*ACTIVITY:* Exactly transcribe the span of lines from the one containing "- 3 Modes kết" through the final line of the entries, inclusive, and nothing outside it. Exclude the pictures.

(Data entries)
──────
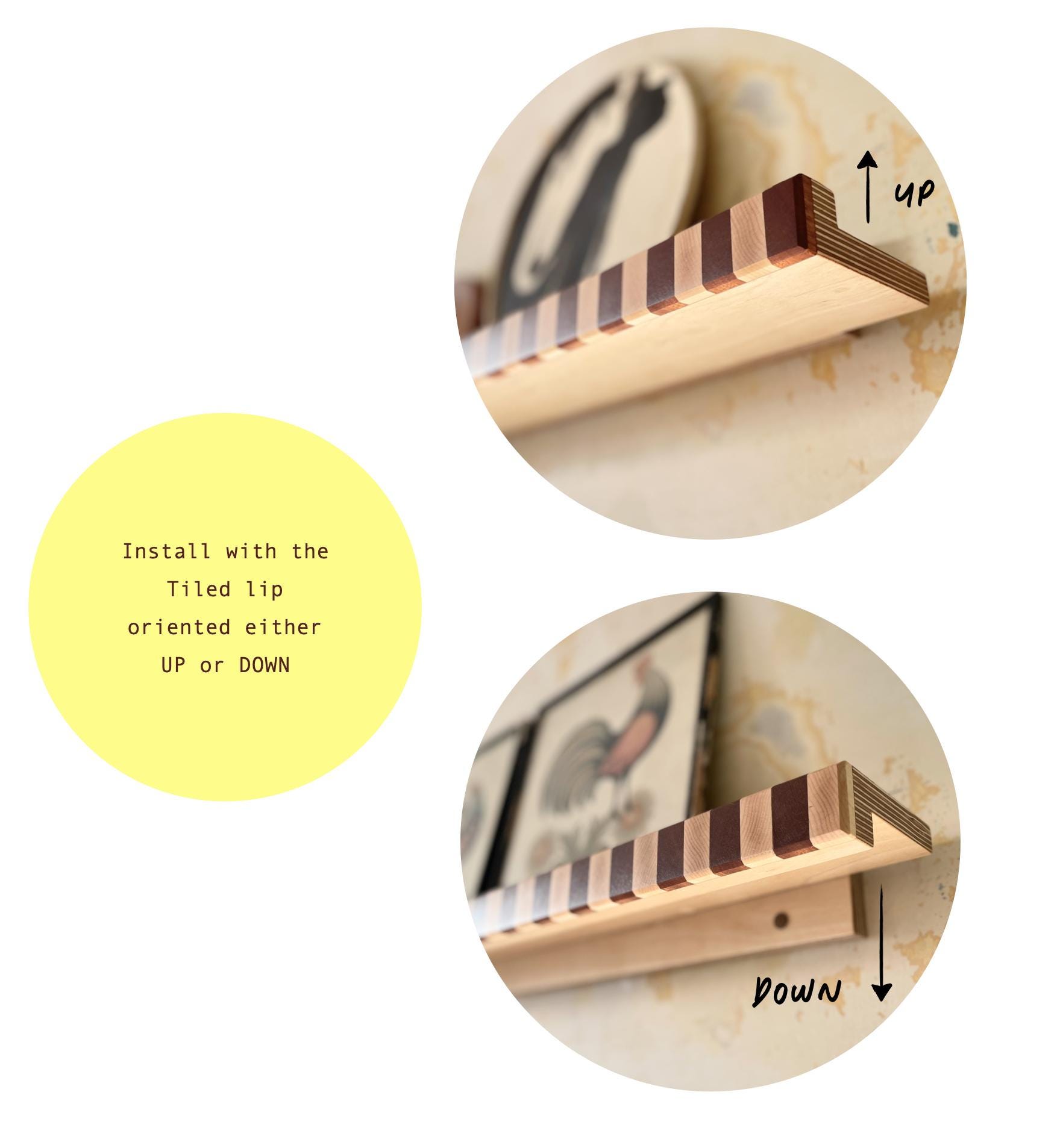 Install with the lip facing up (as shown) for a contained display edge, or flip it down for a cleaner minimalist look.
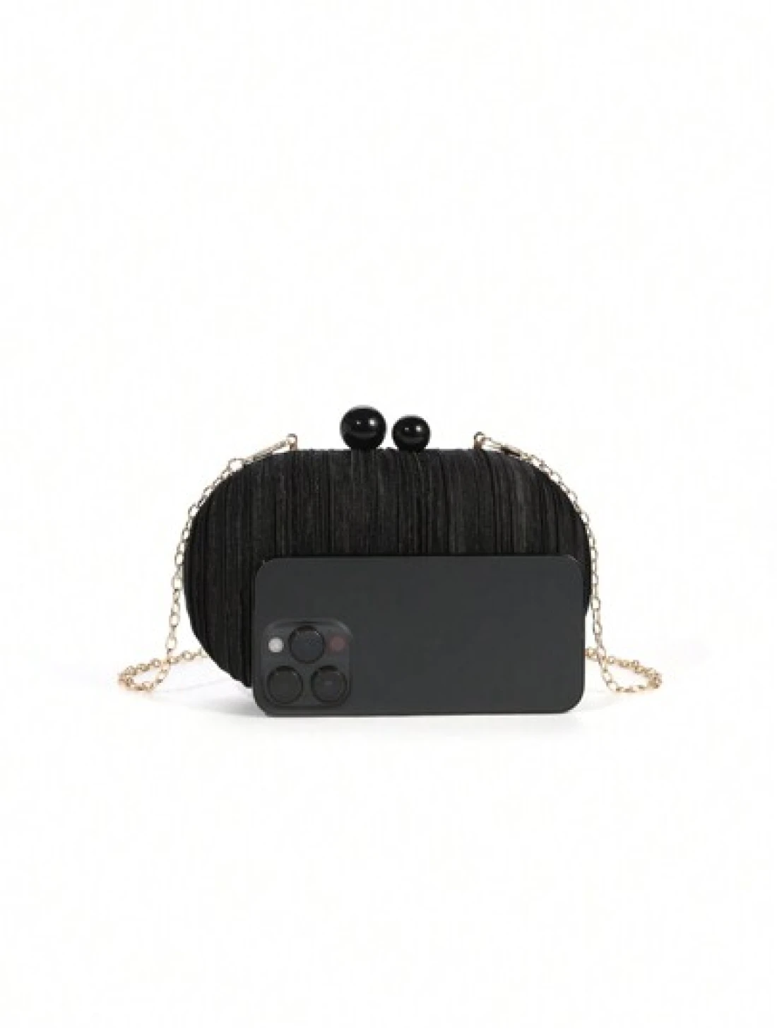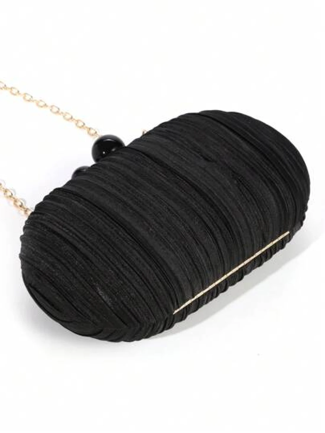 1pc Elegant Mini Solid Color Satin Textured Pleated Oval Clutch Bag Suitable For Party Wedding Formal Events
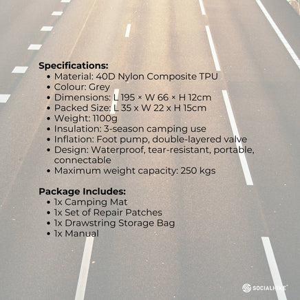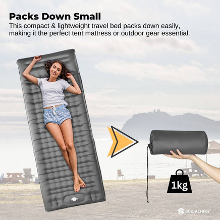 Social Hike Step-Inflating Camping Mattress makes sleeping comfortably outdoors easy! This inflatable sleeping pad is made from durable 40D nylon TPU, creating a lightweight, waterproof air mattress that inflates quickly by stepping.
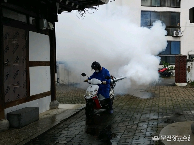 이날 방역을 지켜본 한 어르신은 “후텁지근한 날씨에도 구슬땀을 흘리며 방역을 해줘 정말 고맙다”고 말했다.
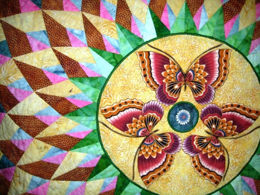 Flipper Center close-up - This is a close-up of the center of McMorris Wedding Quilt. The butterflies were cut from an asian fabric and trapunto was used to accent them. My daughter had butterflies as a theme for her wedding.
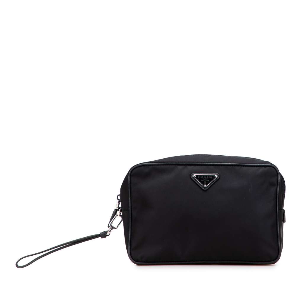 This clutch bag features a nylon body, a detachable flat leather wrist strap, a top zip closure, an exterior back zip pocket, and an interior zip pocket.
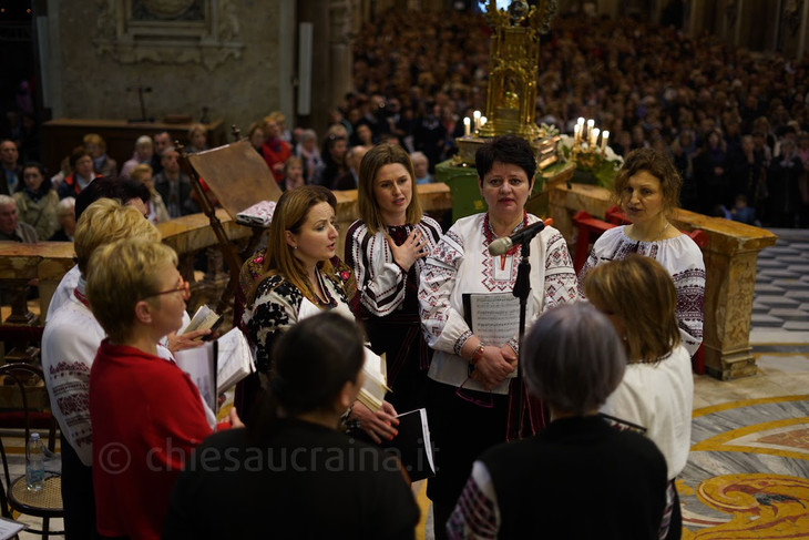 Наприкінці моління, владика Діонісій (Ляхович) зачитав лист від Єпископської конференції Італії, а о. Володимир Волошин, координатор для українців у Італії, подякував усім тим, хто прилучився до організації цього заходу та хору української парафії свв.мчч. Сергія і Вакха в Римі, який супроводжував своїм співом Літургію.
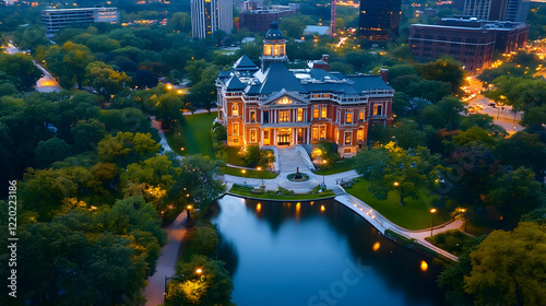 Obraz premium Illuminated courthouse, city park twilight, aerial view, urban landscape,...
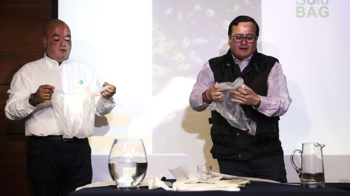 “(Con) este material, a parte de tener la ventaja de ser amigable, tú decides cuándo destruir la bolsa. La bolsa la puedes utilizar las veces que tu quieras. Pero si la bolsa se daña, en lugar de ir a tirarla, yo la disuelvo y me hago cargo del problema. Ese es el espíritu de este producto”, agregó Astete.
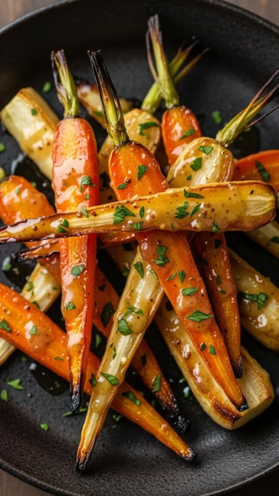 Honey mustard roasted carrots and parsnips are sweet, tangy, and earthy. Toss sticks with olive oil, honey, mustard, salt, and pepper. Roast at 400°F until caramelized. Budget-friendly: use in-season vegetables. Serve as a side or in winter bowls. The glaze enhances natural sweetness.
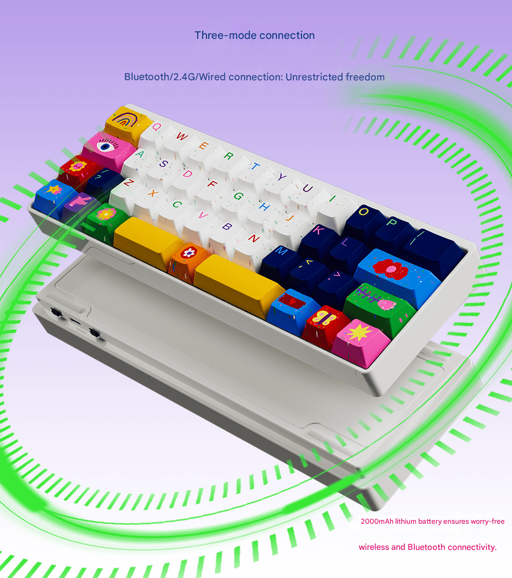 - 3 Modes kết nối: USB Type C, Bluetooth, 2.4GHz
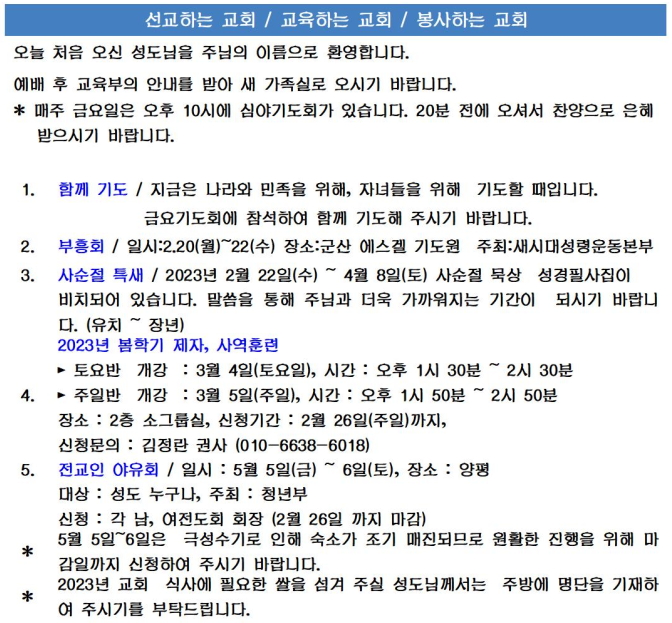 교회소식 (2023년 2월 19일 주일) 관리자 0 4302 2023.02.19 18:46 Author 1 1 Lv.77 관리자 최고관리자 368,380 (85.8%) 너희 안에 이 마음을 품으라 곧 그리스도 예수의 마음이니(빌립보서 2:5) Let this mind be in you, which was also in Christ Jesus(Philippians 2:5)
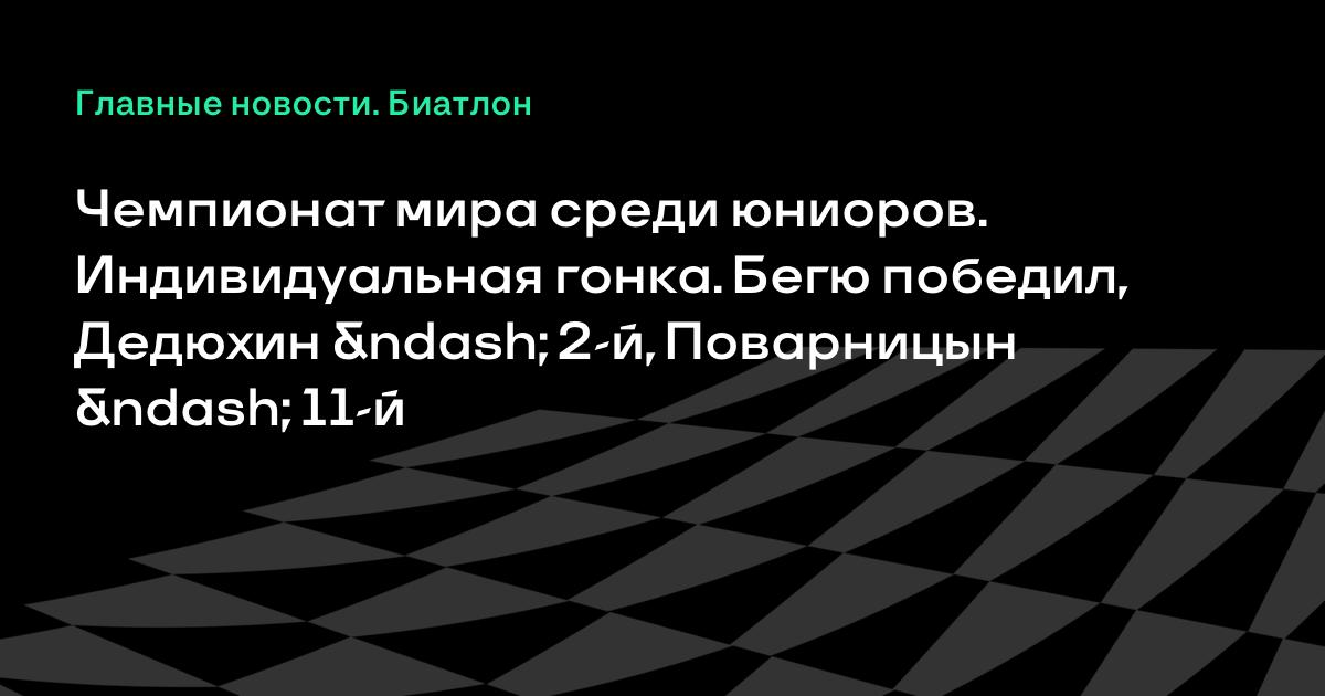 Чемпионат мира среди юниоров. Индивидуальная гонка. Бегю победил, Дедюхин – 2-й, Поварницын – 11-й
──────
*OUTPUT OF THE TASK:*
 - 3 Modes kết nối: USB Type C, Bluetooth, 2.4GHz
 교회소식 (2023년 2월 19일 주일) 관리자 0 4302 2023.02.19 18:46 Author 1 1 Lv.77 관리자 최고관리자 368,380 (85.8%) 너희 안에 이 마음을 품으라 곧 그리스도 예수의 마음이니(빌립보서 2:5) Let this mind be in you, which was also in Christ Jesus(Philippians 2:5)
 Чемпионат мира среди юниоров. Индивидуальная гонка. Бегю победил, Дедюхин – 2-й, Поварницын – 11-й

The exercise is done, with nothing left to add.